This pipeline is configured to run on the IKMB medCluster. More general support for other compute systems may follow later.
nextflow run ikmb/bacterial-annotation --samples samples.csv --tools 'prokka,dfast'
A samplesheet to provide the relevant data to the pipeline. This is the preferred option, if possible. Else, see --assemblies
below.
nextflow run ikmb/bacterial-annotation --samples samples.csv --email 'me@somewhere.org' --tools prokka
The samplesheet format looks as follows:
sample,genus,species,strain,fasta,busco
MySample,Escherichia,coli,K12,/path/to/assembly.fa,bacteria_odb10
Note that the last column, busco, refers to a busco reference database to perform completeness checks against. Youn can find a full list here. Note that you must only specify the first part of the name, up to and including "odb10".
A regular expression pointing to a list of bacterial assemblies in FASTA format. This option is discouraged since it cannot provide useful metadata about genus, species and so on. These fields will all be filled with the name of the assembly file.

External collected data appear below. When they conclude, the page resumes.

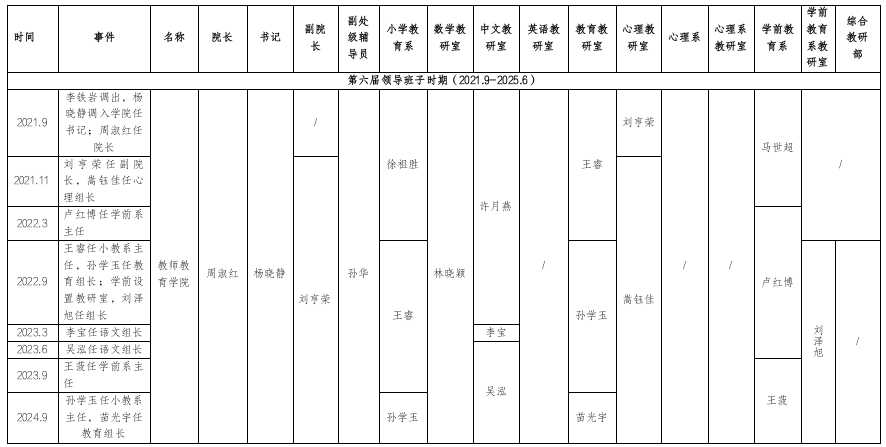 2021年 9 月,在第六届中层领导班子换届改选中,周淑红担任院长兼党委副书记,杨晓静由文法学院调入担任党委书记。2021年 11 月,刘亨荣担任副院长。孙华为副处级辅导员,为班子成员。2021 年 11 月,嵩钰佳担任教工党支部书记。小学教育专业因为徐祖胜调离学院到常熟理工学院,王睿调离学院到哈尔滨师范大学,徐祖胜(2014.9-2022.9)、王睿(2022.9-2024.9)、孙学玉(2024.9-)接续担任小学教育专业系主任。马世超(2020.9-2021.12)、卢红博(2022.3-2023.9)、王菠 (2023.9-)担任学前教育专业系主任;随着学前教育专业教师数量增加,学院决定自2022 年 9 月起设立学前教育专业教研室主任,刘 泽旭担任首位教研室主任。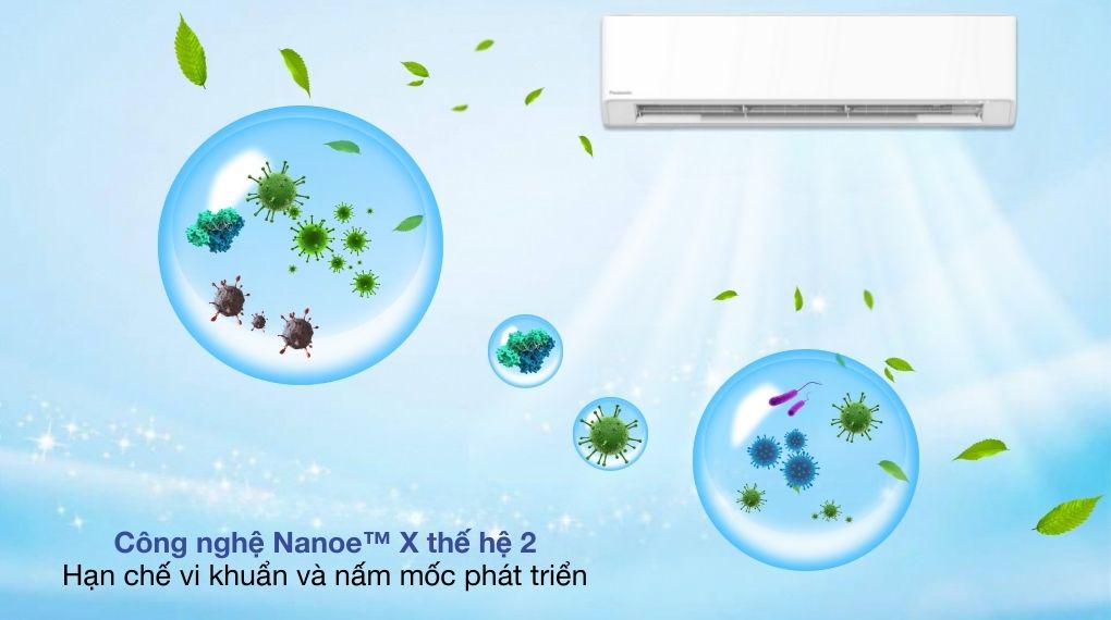 - Công nghệ lọc không khí Nanoe™ X thế hệ 2 loại bỏ hiệu quả các mùi hôi khó chịu như mùi thuốc lá, thức ăn, ẩm mốc,... Công nghệ này không chỉ khử mùi mà còn hạn chế sự phát triển của vi khuẩn và nấm mốc gây hại.
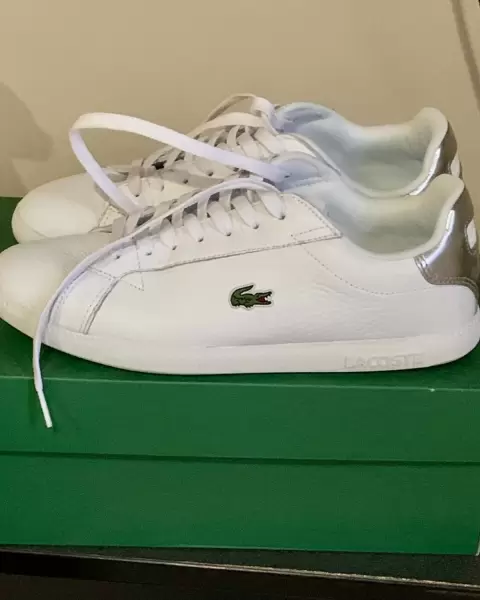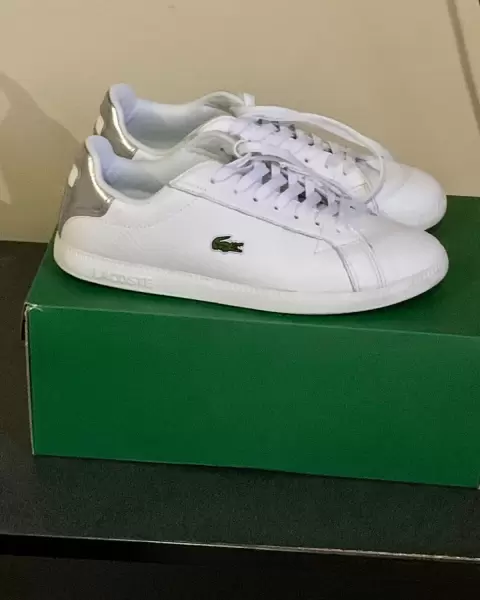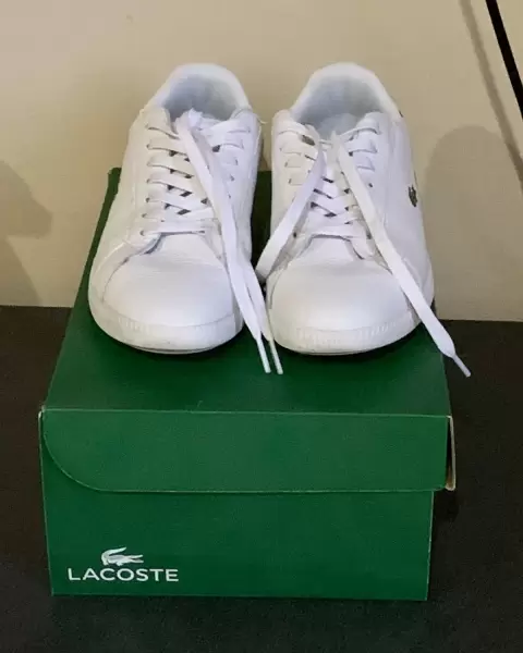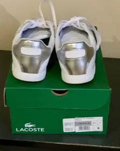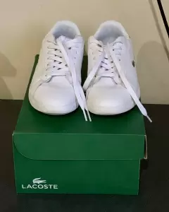 Tennis blancos marca Lacoste originales. Usados un sola vez. Me quedaron chicos, pero estan divinos. Vienen real a su numero solo que me aferre a que me quedaran.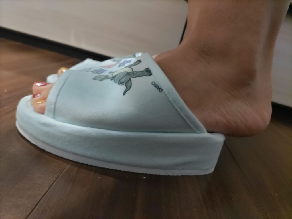 ダイソーに行く予定をしていた日の朝、自分が履いているスリッパを見て思いました。

nextflow run ikmb/bacterial-annotation --assemblies '/path/to/assemblies/*.fasta' --email 'me@somewhere.org' --tools prokka
This pipeline currently supports two annotation tools:
- DFast_core [dfast]
- Prokka [prokka]
Specify one or both tools - sperated by comma and enclosed by single quotes; results will be stored in the respective subfolder. Dfast tends to produce better results and is the recommended choice.
The directory where to store the results.
Set any compatible command line options for Dfast
Set any compatible command line options for Prokka
Send the pipeline report to this email. Leave empty if you do not wish to recieve this email.